DaveG33 · October 29, 2020, 12:57pm

Hi All,

I’m attempting to install passbolt for testing but keep hitting a wall with the following error:

"Error: [Cake\Http\Exception\InternalErrorException] The OpenPGP server key defined in the config cannot be used to decrypt. Could not import the key. (/var/www/passbolt/src/Auth/GpgAuthenticate.php:284)
Request URL: /auth/verify.json?api-version=v1"

I’ve read through similar experiences on this forum which were the result of incorrect GPG versions or keyfile references for GPG keys, both of which I think do not apply to my case.

The build environment I’m using is:
Virtual Machine
Red Hat v7.9
Passbolt v2.12.1 (intended as I’d like to work with this previous version initially)
gpg (GnuPG) v2.0.22
PHP v7.2.34

Following the build (which includes SELinux updates and 600 perms to “/usr/share/httpd/.gnupg/” I am able to register a new user and access the website but am presented with the following page when I attempt to login:

When I inspect the GPG keys as the apache user I get the following:

[root@dev-passbolt passbolt]# su -s /bin/bash -c "gpg --list-keys --with-finger" apache
/usr/share/httpd/.gnupg/pubring.gpg
-----------------------------------
pub   2048R/EDC6CC8D 2020-10-29
      Key fingerprint = E068 B649 F85B 8A3E 13F7  4EBF 2B03 4FA5 EDC6 CC8D
uid                  dev-passbolt <dev-passbolt@OMITTED>
sub   2048R/0037CA8E 2020-10-29
[root@dev-passbolt passbolt]# su -s /bin/bash -c "gpg --list-secret-keys --with-finger" apache
/usr/share/httpd/.gnupg/secring.gpg
-----------------------------------
sec   2048R/EDC6CC8D 2020-10-29
      Key fingerprint = E068 B649 F85B 8A3E 13F7  4EBF 2B03 4FA5 EDC6 CC8D
uid                  dev-passbolt <dev-passbolt@OMITTED>
ssb   2048R/0037CA8E 2020-10-29

Both keys were exported to the following files:

su -s /bin/bash -c "gpg --armor --export-secret-keys dev-passbolt@OMITTED > /var/www/passbolt/config/gpg/serverkey_private_ecc.asc" apache

su -s /bin/bash -c "gpg --armor --export dev-passbolt@OMITTED > /var/www/passbolt/config/gpg/serverkey_ecc.asc" apache

and I compared that to the passbolt.php entry:

// Main server key.
            'serverKey' => [
                // Server private key fingerprint.
                'fingerprint' => 'E068B649F85B8A3E13F74EBF2B034FA5EDC6CC8D',
                'public' => CONFIG . 'gpg' . DS . 'serverkey_ecc.asc',
                'private' => CONFIG . 'gpg' . DS . 'serverkey_private_ecc.asc',

I also ran the healthcheck which provides the following report:

I’m at a bit of a loss and could use some guidance please.

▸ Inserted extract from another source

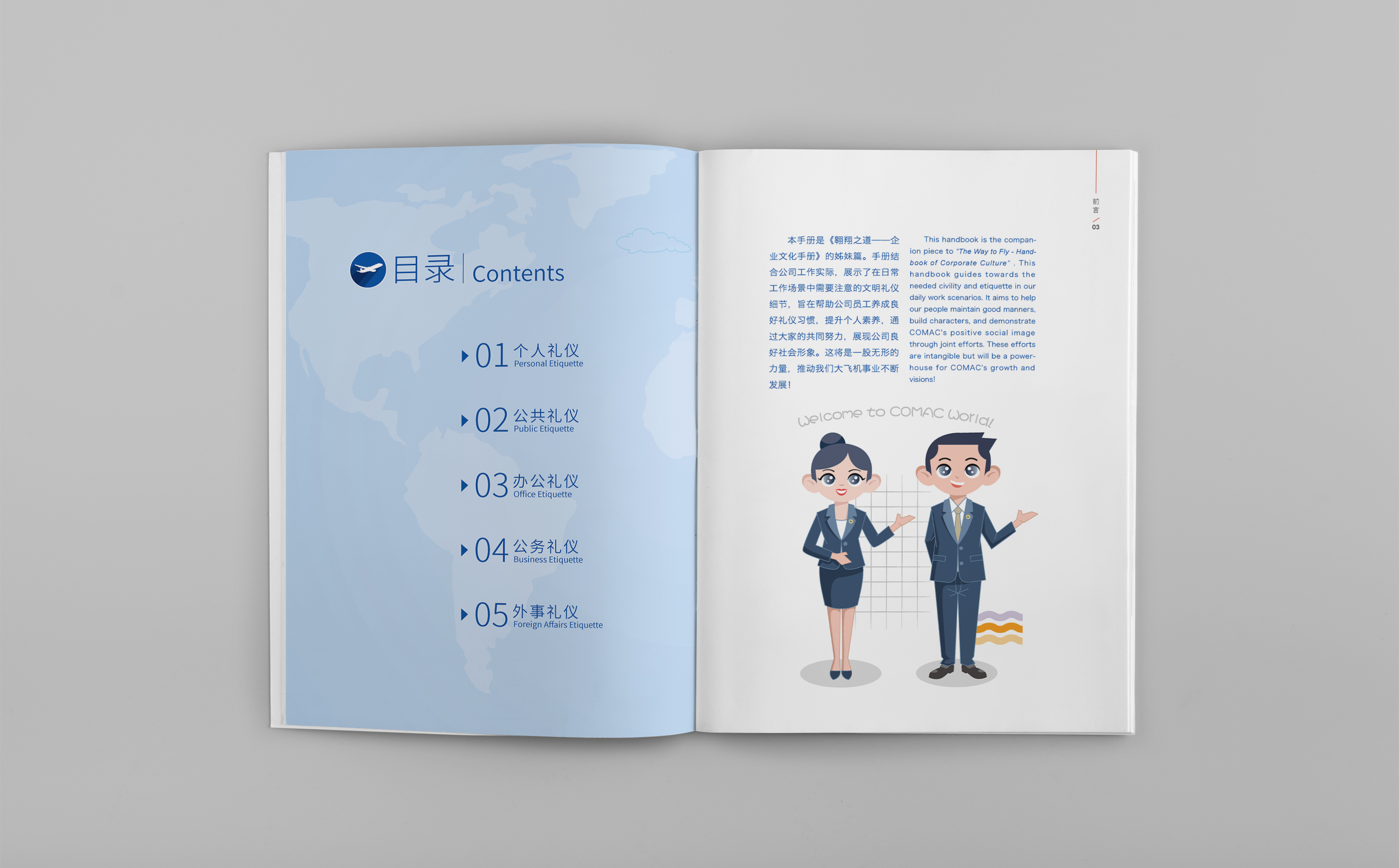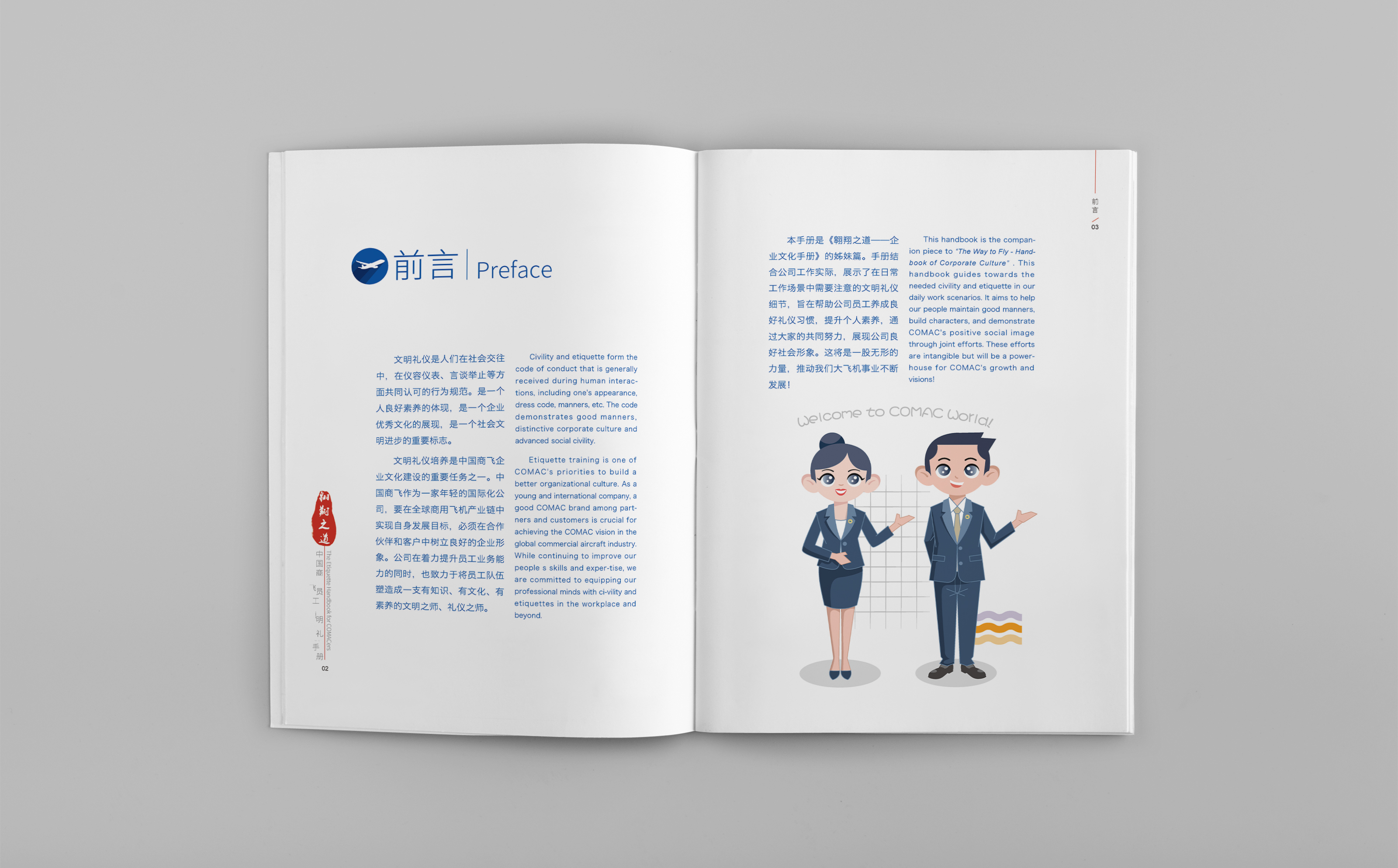 2020年,中國商飛(fēi)委托禾松設計品牌文化(huà)手冊,以商飛(fēi)企業文化(huà)爲基礎,融合企業形象元素、運用(yòng)插畫(huà)形式創意設計手冊。
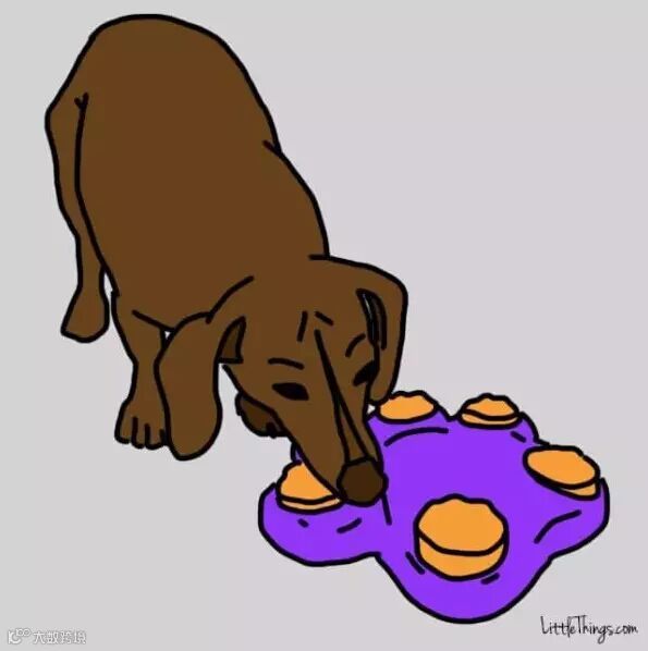 为了三餐去打猎是狗狗的本性,但是变成家犬后就不再使用这项技能了,因此我们可以拿益智玩具给狗狗,在玩具中塞入零食或饲料,让狗儿动脑动脚去将零食拿出来,这样不仅比直接给零食更让狗儿花时间,也能让狗狗更满足喔!

I’ll snapshot the current state and move on to building the latest release (using the installation scripts which are available instead of building from source-ish).

Thanks in advance,

Dave

remy · October 29, 2020, 1:04pm

Hi @DaveG33, ECC keys are not officially supported at the moment, it should work if you create a key with RSA algorithm.

DaveG33 · October 29, 2020, 1:22pm

Hi Remy,

Thanks for your reply, somewhat oddly I believe I am using RSA keys:

gpg --gen-key
RSA and RSA
2048

I’ve just exported them to a confusingly named file which doesn’t represent the key type (in the vain hope of utilising the existing references in the passbolt.php file).

Prior to this build attempt I’d exported them to two new files named private.key and public.key but the problem remained.

Best,

Dave

remy · October 29, 2020, 2:20pm

Hmm, that is strange. My guess is that there is an issue with gnupg operation from the context of the web server (apache or nginx). It works fine when you call it from PHP, so it could be maybe some SELinux policies for this context, or maybe the GNUPGHOME is different in this context.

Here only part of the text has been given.